PITTSBURGH — This is hope for many families in our area.

With many people still struggling to pay bills and make ends meet during the pandemic, there’s relief in sight — at least temporarily. The nationwide eviction moratorium is in place until October.

>>> RELATED STORY: New eviction ban issued by CDC for most of U.S., including Pittsburgh

“During the pandemic is not the time to be out on the street,” said Carl Redwood, director of the Pittsburgh Black Worker Center. “There was a surge of new eviction cases coming forward.”

On Monday, a day after the federal eviction moratorium ended, court filings to evict people increased 420%.

“The lower-income families are the ones affected the most, and there’s a concentration of Black families within that category. Black workers tend to face high unemployment and are concentrated in low-wage work,” Redwood said.

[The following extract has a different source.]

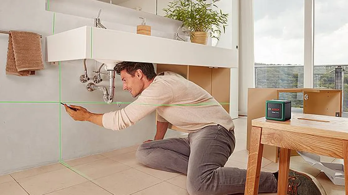 Deze Kruislijnlaser Van Bosch Heeft Een Zeer Goede Zichtbaarheid En Is Eenvoudig Te Hanteren Voor Doe-Het-Zelfklussen. Met De Intense, Groene Kruislaserlijnen Is De Quigo Green De Perfecte Uitlijnoplossing Voor Werken Bij Heel Fel Licht. Deze Levert Een Verbeterde Nauwkeurigheid Van +/- 0,6 Mm/M En Een Werkbereik Van Max. 12 Meter.

Despite the Centers for Disease Control and Prevention putting a halt on evictions on Tuesday in areas with substantial or high community transmission of COVID-19, the moratorium has to be implemented locally.

So several Pittsburgh groups, including Redwood’s, teamed up and went straight to a head judge in Allegheny County.

“What we’re asking for in the petition is for Judge Kim Clark to ask for permission from the Pa. Supreme Court to be able to enforce the moratorium,” Redwood said.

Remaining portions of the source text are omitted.